Hacker News new | ask | show | jobs
by srer 1493 days ago
Wanting SQLite in Go touches on something that I think is quite a waste in modern Go circles, but happens everywhere to varying degrees.

There's often (for instance, in Go projects wanting to avoid cgo) a desire for everything to be in the single source language - Go. In what resembles NIH syndrome, there will be clones of existing libraries, offering little over the original except being "Written in Go". From experience this often makes for more bugs, as the Go version is commonly much younger and lessor used than the existing non-Go library.

The Python world does it a lot less, perhaps the slowness of Python helps encourage using non-python libraries in Python modules. But that sure does making building and distributing Python projects "fun".

What I'm trying to say is that:

A world where every language community has it's own SQLite project because the communities shun code written in other languages just feels like a profound waste.

17 comments

It's not as simple as NIH. Using cgo means you have to build and link external dependencies in another language. Compared to Go, this makes it quite a bit more difficult to build and distribute than a single binary. But I think the biggest reason is cgo is slow. Unlike rust which uses the C calling convention (correct me if I'm wrong) and has no garbage collector or coroutine stacks to worry about, Go has a hefty price to pay when calling a C funcion. For something like sqlite that causes a noticable slowdown. Typically what I like to do in this case is write a C wrapper around the slow API that let's me batch work or combine multiple calls into one. With sqlite, instead of fetching rows one at a time, I would write a wrapper that takes some arrays and or buffers to fetch multiple rows at a time. That amortizes the overhead and makes it less significant. When that's not possible, I use unsafe and or assembly to lift just the problematic C calls into Go. That can sometimes work wonders, but it's also not a magic bullet.
> correct me if I'm wrong

Rust can use the C calling convention to call C functions or export functions to C code, but this requires extra annotations. By default, Rust uses its own unstable ABI.

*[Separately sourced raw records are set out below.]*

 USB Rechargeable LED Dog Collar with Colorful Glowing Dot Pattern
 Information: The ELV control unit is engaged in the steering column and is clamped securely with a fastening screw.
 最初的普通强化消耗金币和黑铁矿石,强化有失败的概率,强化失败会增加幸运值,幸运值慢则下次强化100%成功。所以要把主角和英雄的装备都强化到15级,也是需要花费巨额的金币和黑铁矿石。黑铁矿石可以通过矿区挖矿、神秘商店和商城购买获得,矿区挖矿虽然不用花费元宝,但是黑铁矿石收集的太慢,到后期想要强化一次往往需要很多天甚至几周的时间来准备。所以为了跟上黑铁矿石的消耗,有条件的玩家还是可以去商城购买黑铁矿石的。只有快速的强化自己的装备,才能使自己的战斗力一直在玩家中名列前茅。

Interesting! I've never considered batching my calls to SQLite from Go that way. Do you have any numbers you can share about performance when doing that?
I don't, but I'm general it matters most for the cheapest C calls, so the functions doing the least work. Batching those somehow can give big speedups, over 2x, depending on how much of the total time was going into cgo overhead.
To be honest the reason why Go developers want "pure Go" libraries is simply because they can be statically + cross compiled and used without having to carry around an additional library, especially in environments where you hardly have anything other than the binary itself (e.g: Docker containers "FROM scratch" or Gokrazy)
In this case sqlite is bundled as a single C source file. You could just use Zig as your C cross compiler to cross compile alongside Go for almost any platform[1].

[1]: https://dev.to/kristoff/zig-makes-go-cross-compilation-just-...

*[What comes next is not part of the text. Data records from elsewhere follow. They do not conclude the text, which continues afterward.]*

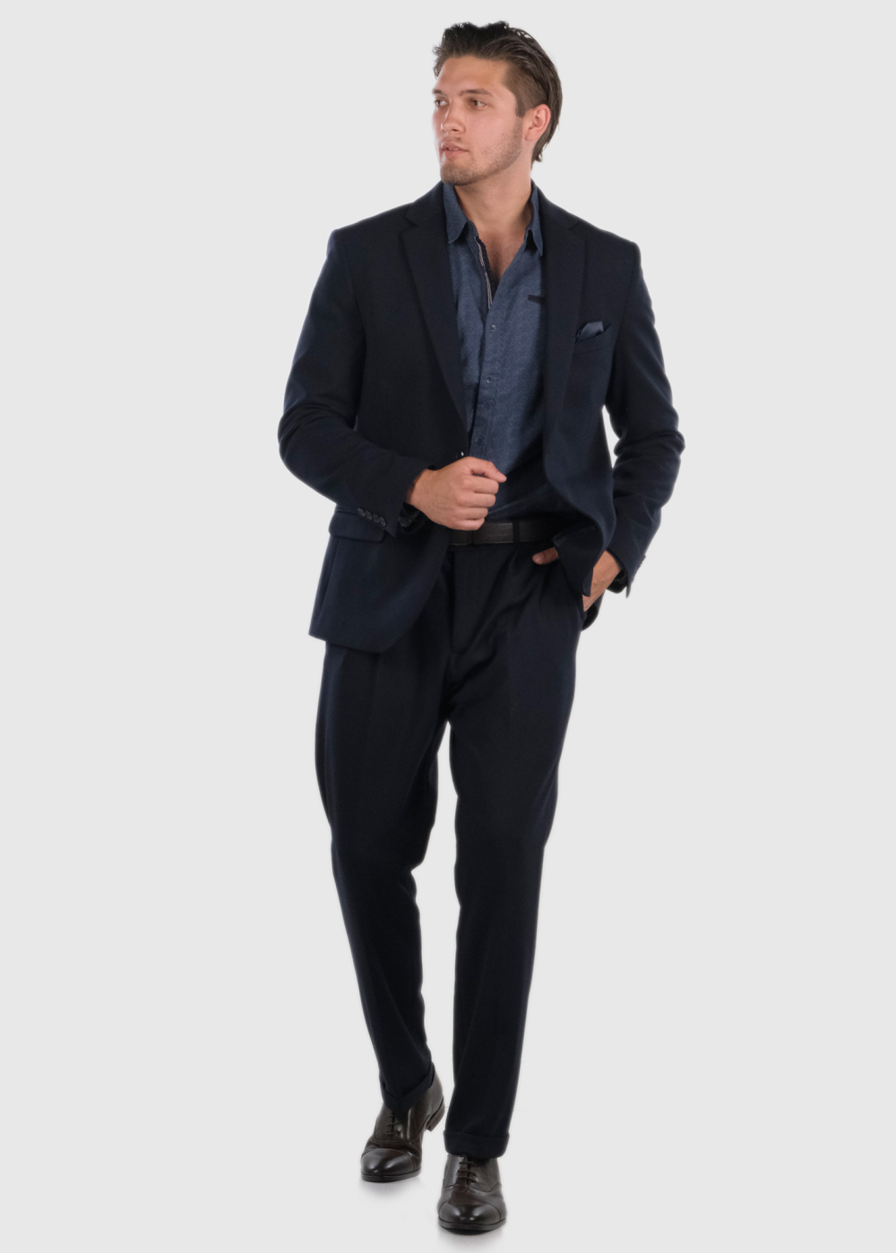 Benazir Plus Size Regular Fit dark blue woolen men's suit Benazir Plus Size Regular Fit dark blue woolen men's suit - back Benazir Plus Size Regular Fit dark blue woolen men's suit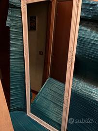 Specchio nuovo, mai usato, in perfette condizioni a figura intera stile barocco francese, con cornice bianca decorata. Perfetto per camera da letto, cabina armadio, ingresso o salotto. Utilizzabile sia appoggiato a terra che fissato a parete. Misure: 80x190cm Pagato 150€, vendo a meno di metà prezzo. Da ritirare a Trieste - piano terra.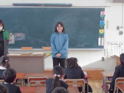 今日から,大阪教育大学の山口智江美さんがインターンシップで来られます。今日は、教室を回って自己紹介をしました。子ども達はとてもうれしそうでした。
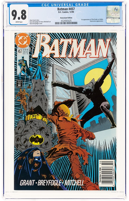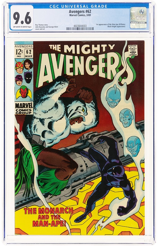 In the comic auction, Heritage is offering The Avengers #62 CGC 9.6 with the debut of M’Baku, one of Black Panther’s major foes. Batman #457 newsstand edition CGC 9.8 has the first full appearance of Tim Drake in costume as the new Robin (following Jason Todd’s death).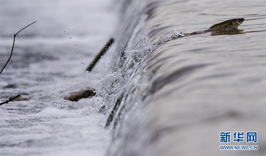 7月6日,在青海省刚察县沙柳河里,一只湟鱼跃起向上洄游。 新华社记者 刘金海摄

Except that’s at the very least broken for macOS -> Linux right now. I attempted to use zig cc as the cross compiler for sqlite3 the other day. Ran into https://github.com/ziglang/zig/issues/5882 https://github.com/ziglang/zig/issues/9485 an almost two-year-old issue.

Cross compiling C sucks.

It is a bug, and we will fix it, but keep in mind the scope - this is something that affects old versions of glibc. Newer versions of glibc are not affected, and neither is musl libc (often preferable for cross compiling to Linux).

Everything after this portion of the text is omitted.